On 7/5/16 8:19 PM, Greg Lindsay via Mailman-Users wrote:
> Hi,
> 
> I am running Mailman v 2.1.20 & have been trying to filter out Chinese spam messages with no luck. A few typical subjects are below:
> 
> Subject: 为什么总让客户不满意，如何才能提升业绩
> Subject: 没1有1业1绩，怎1么1办？
> Subject: 带问题来，带方案走；如何缩短生产周期
> 
> Under Privacy options/Spam filters I have created header filters such as the three below. These aren't working. I was under the impression that [abcd] will discard all mail with a, b, c, or d in the subject line. I've tried including a hundred characters and a single character, but neither works.
> 
> ^Subject:\*[如何解决企业关务管理风险跨境电商国家政策综解读及创新模式非财务人员如何进行财务管理掌握最规范的薪酬设计方法企业相关法
> 律风险控制及用工管理如何加强企业反舞弊及内审如何把准经销商的赢利模式？
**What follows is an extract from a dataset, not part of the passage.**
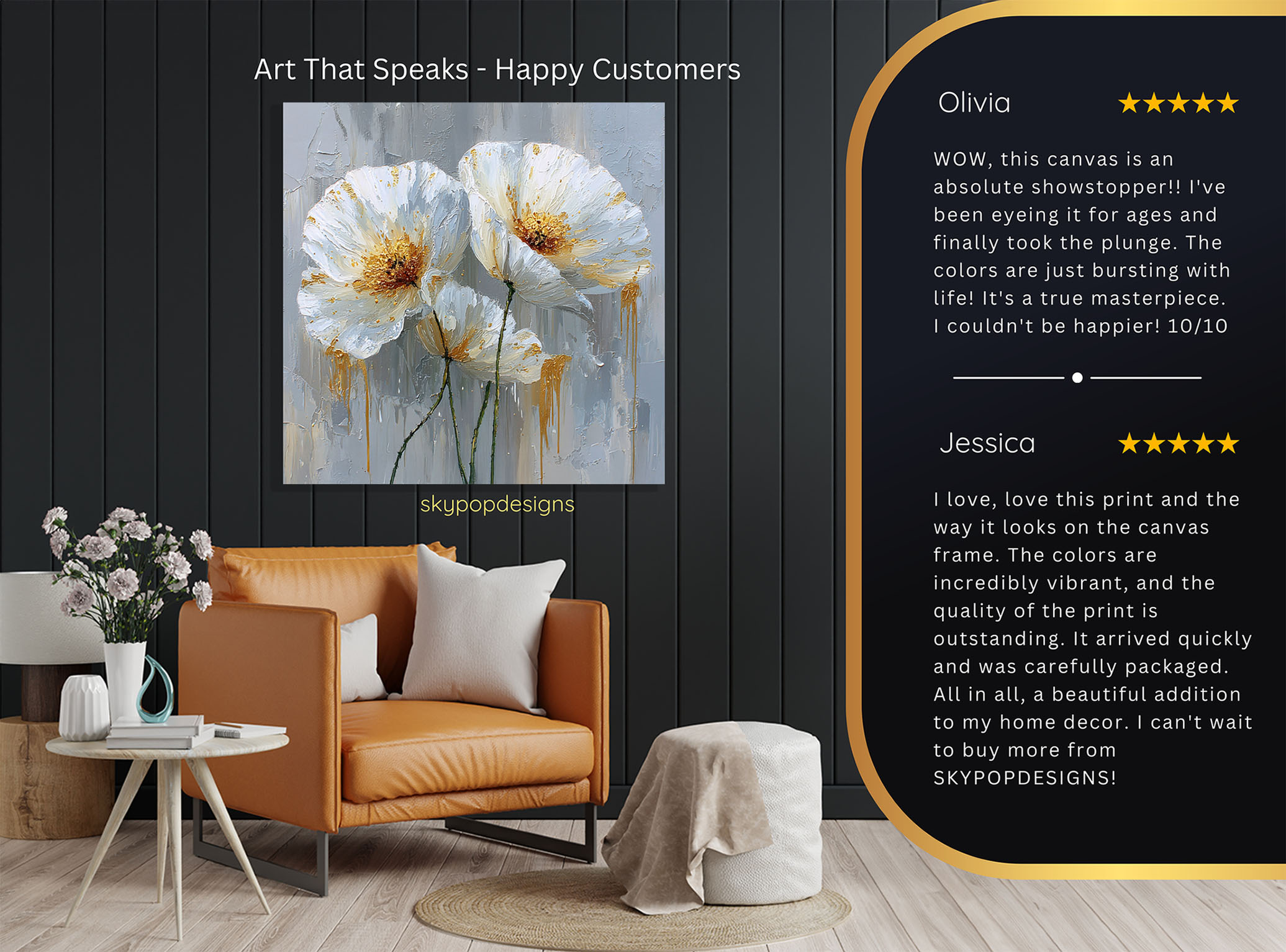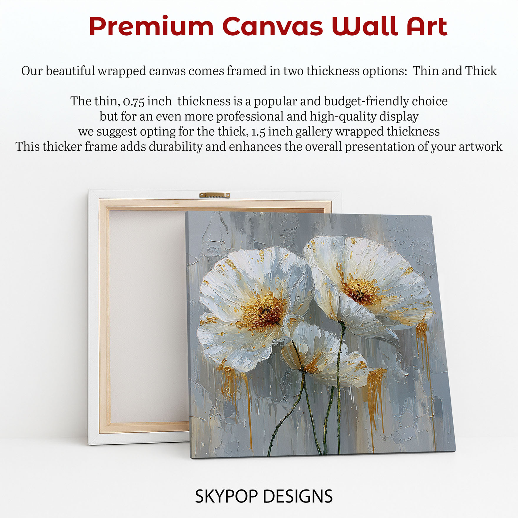 At SKYPOPDESIGNS, we specialize in high-quality canvas and poster prints designed to bring sophistication and style to your space. Please note that our designs are not created with 3D textures or as original oil, acrylic, or watercolor paintings; they are instead HD reproductions of original artwork. This approach allows us to offer these visually stunning pieces at competitive prices, ensuring you receive top-tier, maintenance-free art that’s easy to enjoy.

如何评估供应商及优化采购运作流程如何掌握车间管理的精髓]
> 
> ^Subject:\?utf-8\?B\?[56]
> 
> ^Subject:\*[发杜营全及正了先]
> 
> What am I doing wrong here? Is there something about the character encoding that prevents this filter from working?

There are a couple of things here. Your 3 regexps above have no space after Subject:.  That notwithstanding, none of them will match what you're trying to match. The second appears to be an attempt to match an
RFC2047 encoded word, but the encoded word would begin '=?utf-8?B?...'
and your regexp is missing the '='. I'm not sure what the first and third are doing with the literal asterisk.

However, this is not the real problem. The real issue is that the headers matched by the header_filter_rules regexps have been RFC2047 decoded and then encoded in Mailman's character set for the list's preferred language.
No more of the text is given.